Старик крутнул головой:
– Батька! Были бы красноармейцы русскими, бабы докричались бы до их совести… А чужие? Чужие, сам знаешь, над русским народом всласть изгаляются… Все клочки сгребли и сожгли. Прямо в церкви. Иконы прикладами расшибали, кресты с куполов сорвали, колокола с колокольни уронили.
Сердце в груди отца Викторина росло и заполнило всю грудь.
– Агафон Семенович! Что-либо от хрустального иконостаса, хоть малость какую, уберегли?
Старик вдруг засмеялся:
– Звон хрустальный уцелел! До сих пор в ушах звенит. Штучек пять подвесок от пятиярусного паникадила имеется. Внучата мои солнышко хрусталями ловят.
– Не понимаю! Я не понимаю! – Отец Викторин всплескивал руками, как птица крыльями. – Уничтожили иконы, кресты… Но часы с боем? Люстры? Паникадила – это те же люстры!
– Четыре! Их было четыре в Казанском! – Сторож перекрестился. – Красота – она тоже Божия. Потому и ненавистна. Попомни мое слово, батюшка! Все, что есть красота, заменят на безобразную погань.
Стояли, молчали. И вздрогнули разом. Тишина вздрогнула. Над Людиновом поплыли гудки заводов – локомобильного и Сукремльского чугунолитейного.
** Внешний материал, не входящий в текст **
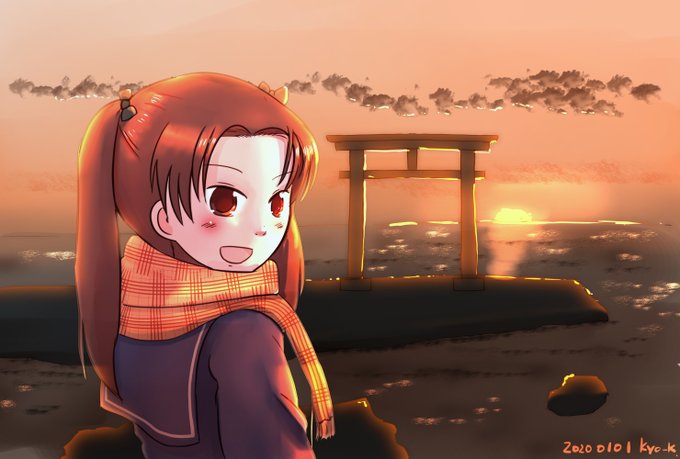 #ガルパン版深夜のお絵描き60分一本勝負 #ガルパン版深夜のお絵描き60分一本勝負_20200101 お題テーマ「初詣」「初日の出」というわけで磯前神社の初日の出な角谷杏さん。

Сукремль к своим железным делам звал густо, по-богатырски. Побудка локомобильного была схожа с паровозными кликами. Паровозы в дорогу зовут, в дальние дали.
– Люблю это время, – сказал отец Викторин. – Когда народ на работу идет – Россию видишь.
– Да, это конечно! Вся Россия руки-то свои несет дело делать! – Сторож, смеясь глазами, смотрел, как легко взбегает отец Викторин на колокольню. На вид суровый, болезненный, но до чего же радостный человек!
Отец Викторин благословлял людей и город на труды. Для властей нынешних молитва и крест – мракобесие. Да Господь Бог Россию не оставит.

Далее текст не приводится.